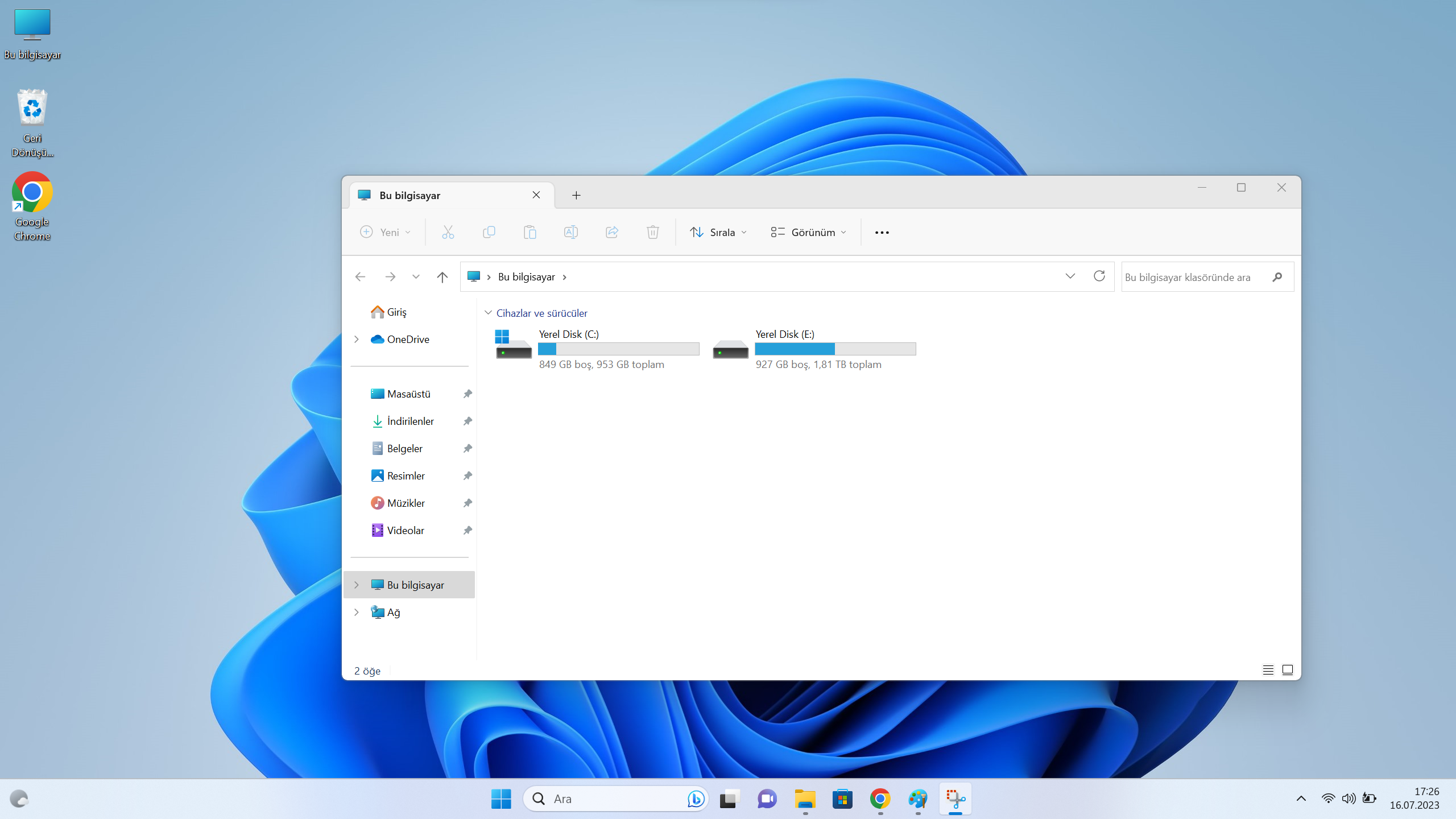 2 TB samsung (ekteki fotoda görünen şu an ki E diski) windows 10 yüklü ve diğer 1 TB (ekteki fotoda görünen şu an ki C diski, windows şu an buradan başlıyor) yedek depolama olarak kullanıyordum. 2 TB SSD'yi söktüm (herhangi bir şekilde sıfırlamadım, ayar yapmadım veya başka bir PC'ye takmadım sadece söktüm :) ). Yedekleme olarak kullandığım 1 TB SSD'ye W11 yükledim ve 2 ay bu şekilde kullanmak zorunda kaldım.
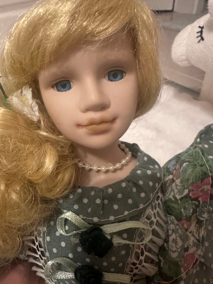 Mavi gözlü, sarı saçlı, bej tenli pastel renklerde bebek. Puantiyeli dantel detaylı kıyafet ve inci kolye ile süslenmiş.son resimdeki pembe elbisesi ile gönderilecek bilginize
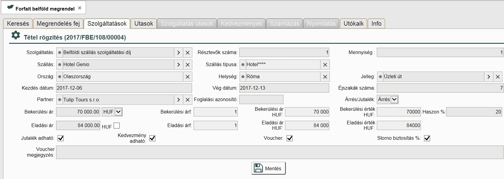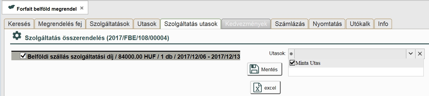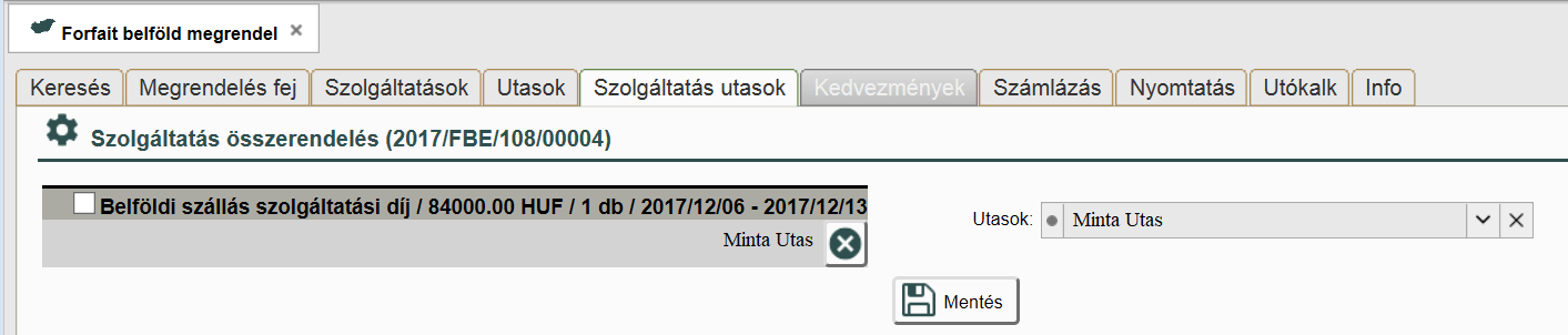 A szolgáltatás utasok lapon tudjuk összerendelni a felvitt szolgáltatásokat az egyes utasokkal. Ebben az esetben egy egyszerű külföldi szállás került értékesítésre, ami a baloldalon látszik.

+---+

**ASSIGNED TASK:**
Copy exactly, and only, the lines from the line containing "Mavi gözlü, sarı" through the final line of the material above, with no pictures.

**OUTPUT BELOW:**
 Mavi gözlü, sarı saçlı, bej tenli pastel renklerde bebek. Puantiyeli dantel detaylı kıyafet ve inci kolye ile süslenmiş.son resimdeki pembe elbisesi ile gönderilecek bilginize
 A szolgáltatás utasok lapon tudjuk összerendelni a felvitt szolgáltatásokat az egyes utasokkal. Ebben az esetben egy egyszerű külföldi szállás került értékesítésre, ami a baloldalon látszik.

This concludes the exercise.